TASK MATERIAL Start Marker
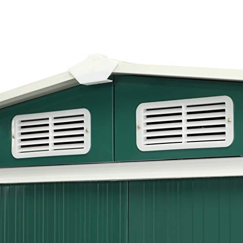 Dieser Lagerschuppen ist mit Lüftungsöffnungen versehen, die den Regen fern halten und den Inhalt des Gerätehauses ständig belüften, um die Ballungsraum von Feuchtigkeit und Geruch zu ermäßigen.
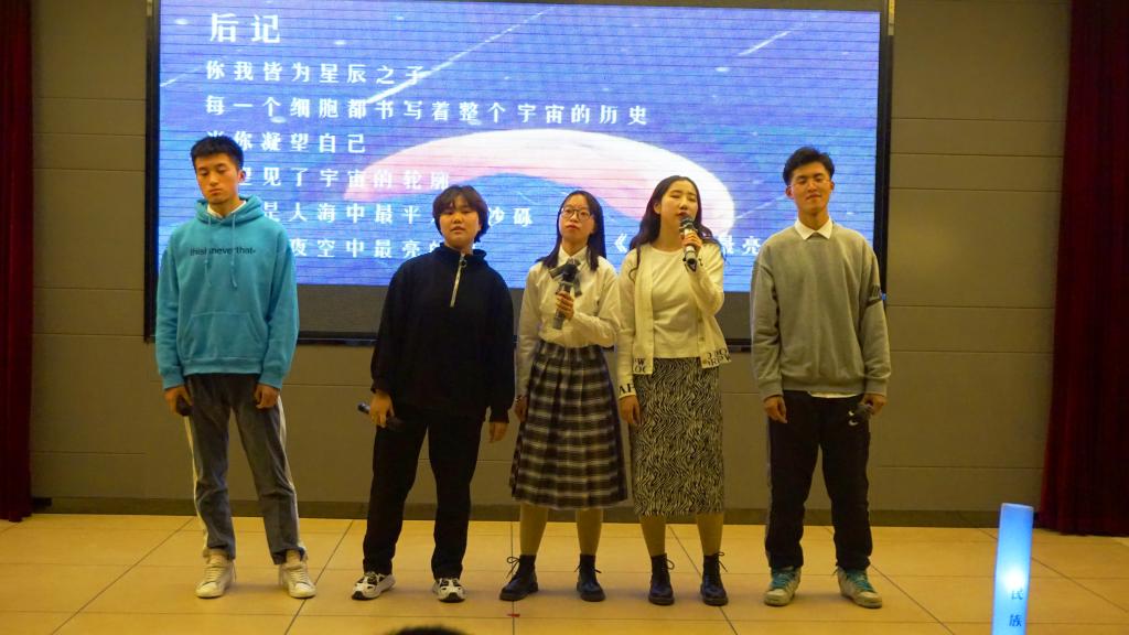 晚会伊始,工作人员放映暖场视频,视频中有来自我院老师、同学们对新年的祝福,还有开学以来同学们共同成长的点点滴滴,更有兄弟学院对我院的新年祝福。窦文阳老师为同学带来新年致辞,向大家表达了新年的祝福,同时希望同学们新年新气象,充满斗志,脚踏实地,胸怀梦想,不断向前。倒计时结束,炫酷的开场舞展现了民教学子的青春活力。随后主持人宣布晚会正式开始
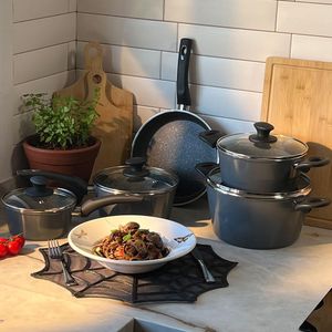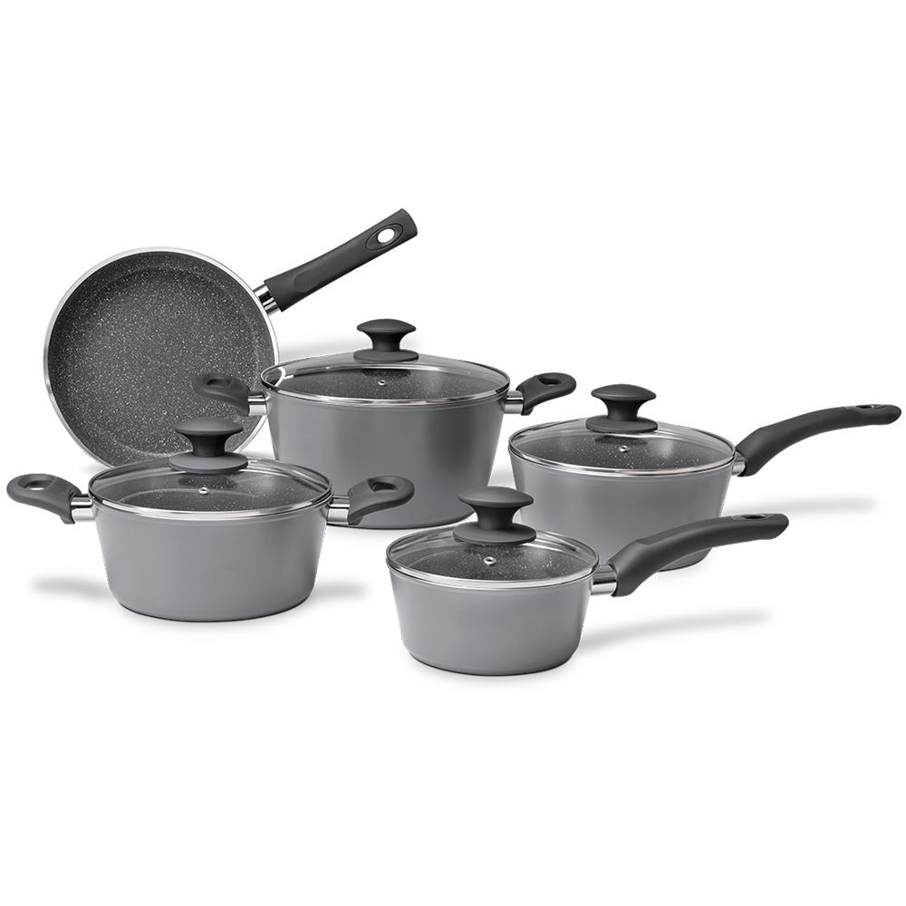 Conteúdo: 5 peças, caçarola com tampa 24x13cm 4,6L, caçarola com tampa 20x9,5cm 2,1L, panela com tampa 20x9,5cm 2,1L, panela com tampa 16x7,5cm 1L e frigideira Ø 24x5cm 1,8L
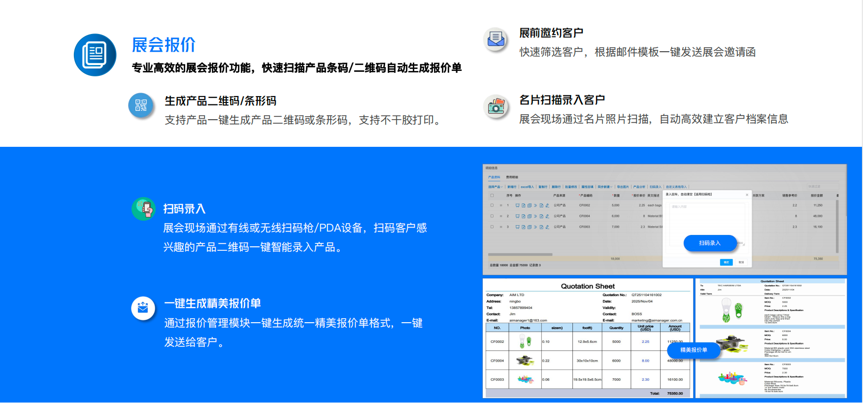 迈纳杰展会报价系统上线,助力外贸企业展会高效专业的报价,接待展会报价从名片扫描输入-合照-扫码报价-一键邮件发送给客户,让繁琐的过程简单高效的通过迈纳杰展会报价系统轻松实现,让您的没接待的客户,走出你的摊位的时候,手机上就收到客户关注产品的精美报价单,让客户的体验到高效完美的服务!
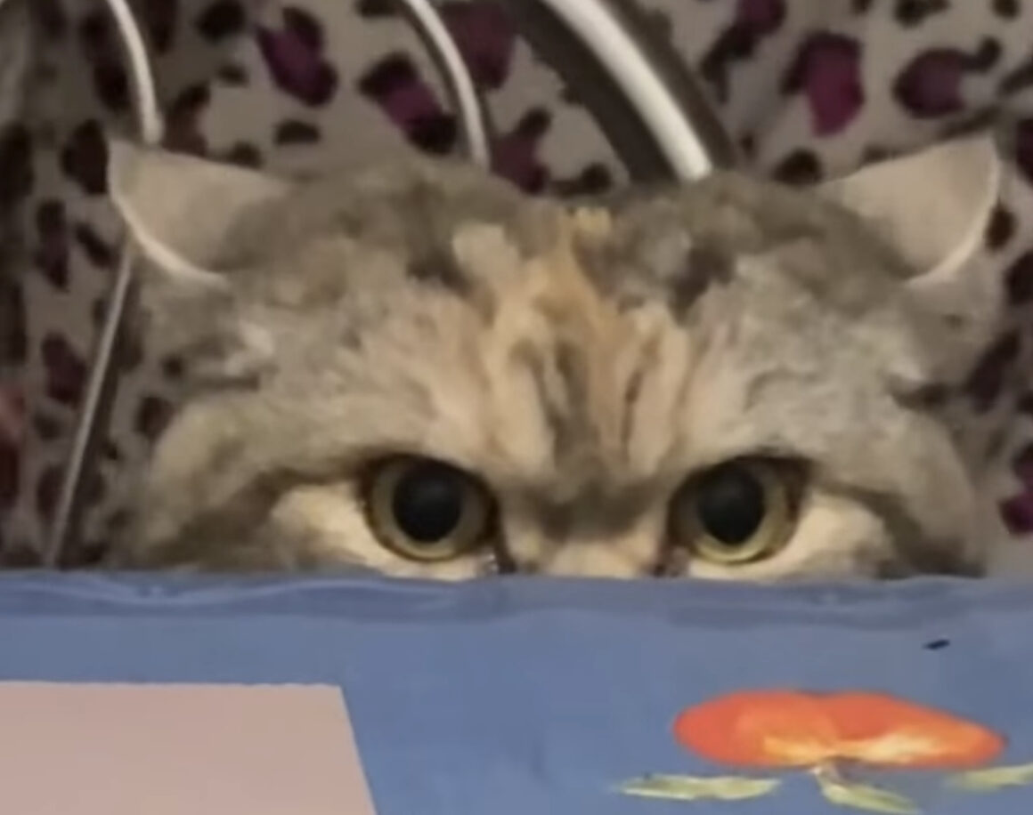そんな顔しなくても笑 飼い主のゴハンが気になって仕方にゃい。
TASK MATERIAL End Marker
WHAT THE EXERCISE ASKS: The entries are to be printed exactly as written; the pictures are to be left out.

EXERCISE ANSWER:
 Dieser Lagerschuppen ist mit Lüftungsöffnungen versehen, die den Regen fern halten und den Inhalt des Gerätehauses ständig belüften, um die Ballungsraum von Feuchtigkeit und Geruch zu ermäßigen.
 晚会伊始,工作人员放映暖场视频,视频中有来自我院老师、同学们对新年的祝福,还有开学以来同学们共同成长的点点滴滴,更有兄弟学院对我院的新年祝福。窦文阳老师为同学带来新年致辞,向大家表达了新年的祝福,同时希望同学们新年新气象,充满斗志,脚踏实地,胸怀梦想,不断向前。倒计时结束,炫酷的开场舞展现了民教学子的青春活力。随后主持人宣布晚会正式开始
 Conteúdo: 5 peças, caçarola com tampa 24x13cm 4,6L, caçarola com tampa 20x9,5cm 2,1L, panela com tampa 20x9,5cm 2,1L, panela com tampa 16x7,5cm 1L e frigideira Ø 24x5cm 1,8L
 迈纳杰展会报价系统上线,助力外贸企业展会高效专业的报价,接待展会报价从名片扫描输入-合照-扫码报价-一键邮件发送给客户,让繁琐的过程简单高效的通过迈纳杰展会报价系统轻松实现,让您的没接待的客户,走出你的摊位的时候,手机上就收到客户关注产品的精美报价单,让客户的体验到高效完美的服务!
そんな顔しなくても笑 飼い主のゴハンが気になって仕方にゃい。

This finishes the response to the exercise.